Get to Know Your Users Through Data AnalysisMonday, May 8, 2017
Users may exhibit different behaviors and show their preference towards videos of various types on a social media platform. For a media platform, these data coming from users proves very important to make a more comprehensive assessment. Thus, it's important for a media platform to dig into what are sought after by its users and how to get more insights from these users to offer more pleasant service and generate more sales leads.
Popularity Assessment based on Public Opinions
The assessment of videos is inherently subjective, since the affect it can have on its users vary from mildness to repulsion, from pleasantness to heart-rending. The theory alone cannot accurately determine whether a video is popular or not, factors like public mood and current trends are also influencing how the public perceives a video.
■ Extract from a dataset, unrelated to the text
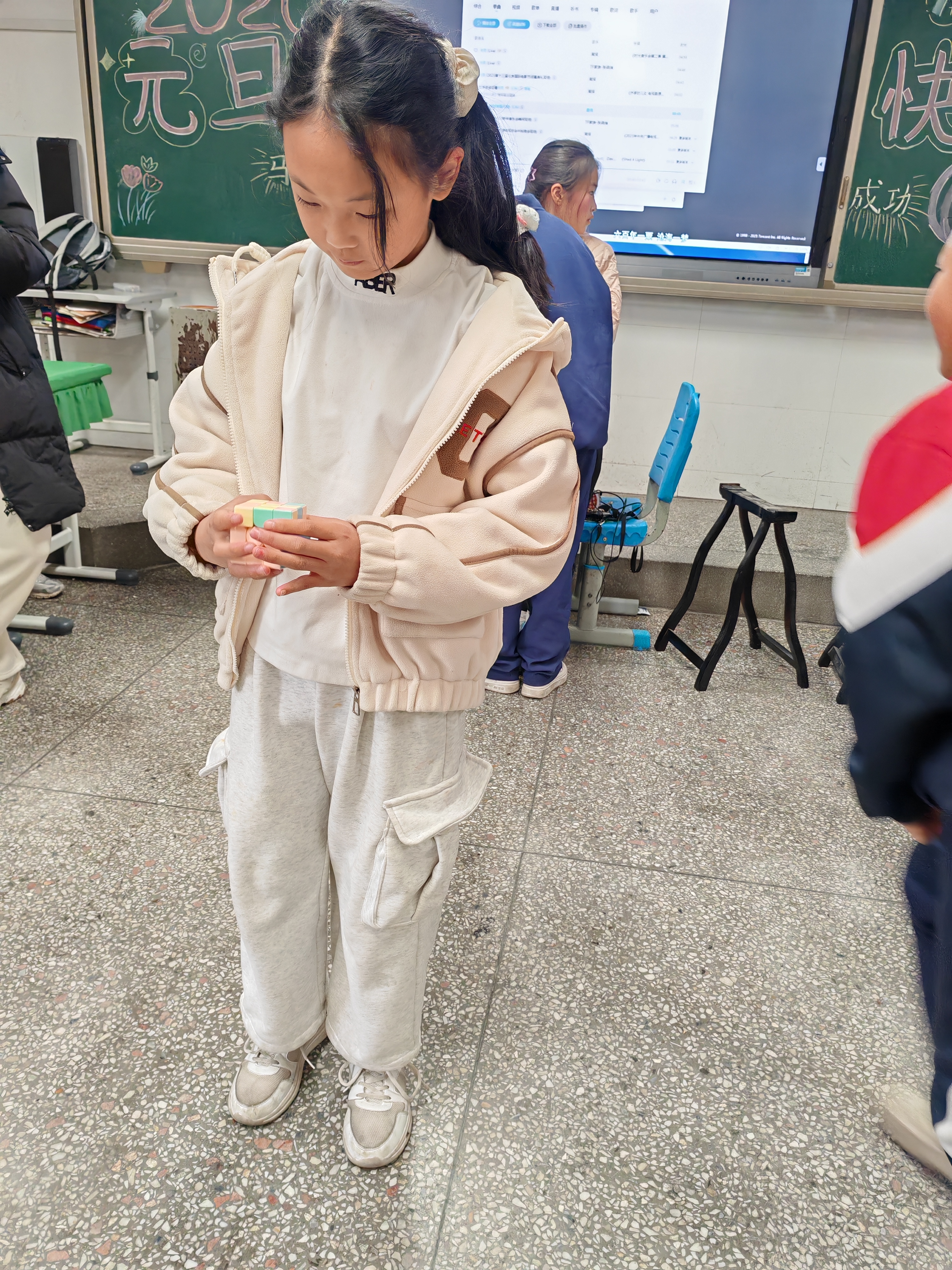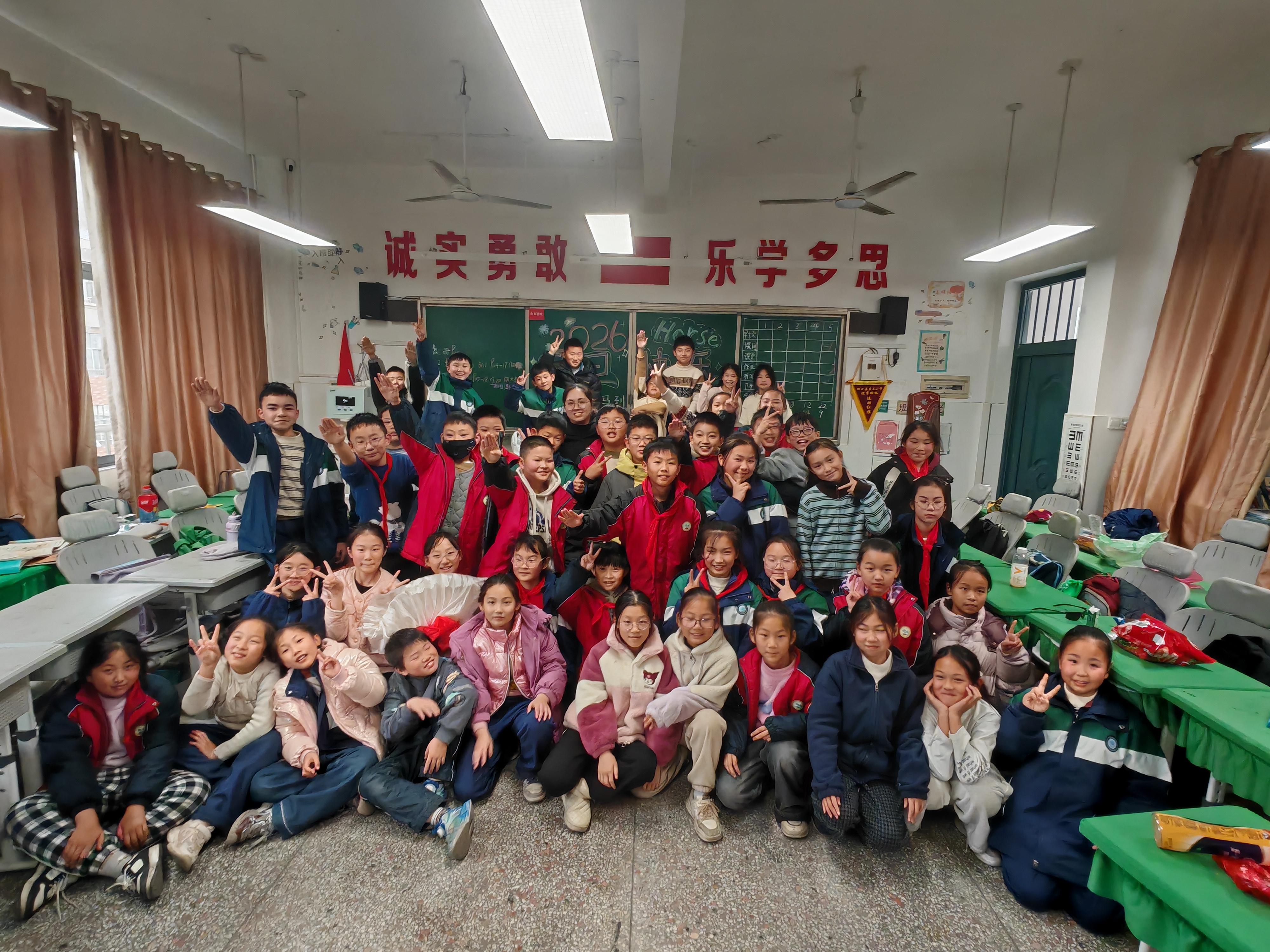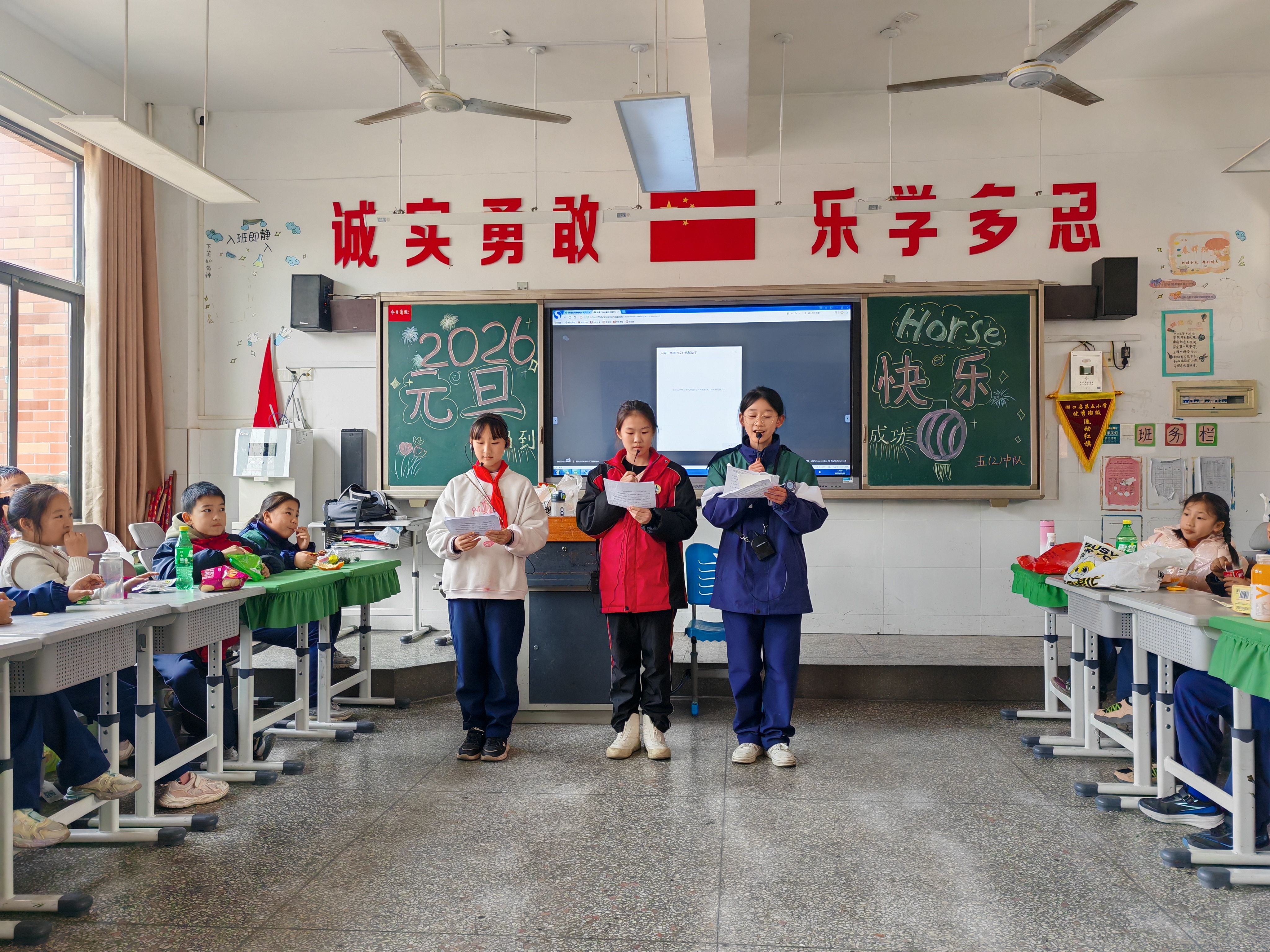 下午1点,是熊老师上午休。席老师让金芮希和廖杨梓来画黑板报,主题是“2026元旦快乐”。午休之后,晚会开始。大家把桌子都搬到了教室三旁(讲台上不放,所以是三旁),教室中间的空地就用来表演节目。

We can’t create an accurate picture of popularity trend without gathering a wealth of info on the videos from the public.
While the entertainment industry is heavily based on popular opinions, it can be difficult to assess a video’s popularity without depending on media video sharing platforms, such as Youtube, Pandora, Billboard Top 100, etc. For example, we could find out top popular Youtube users through a comprehensive ranking analysis combining subscribers, views and etc.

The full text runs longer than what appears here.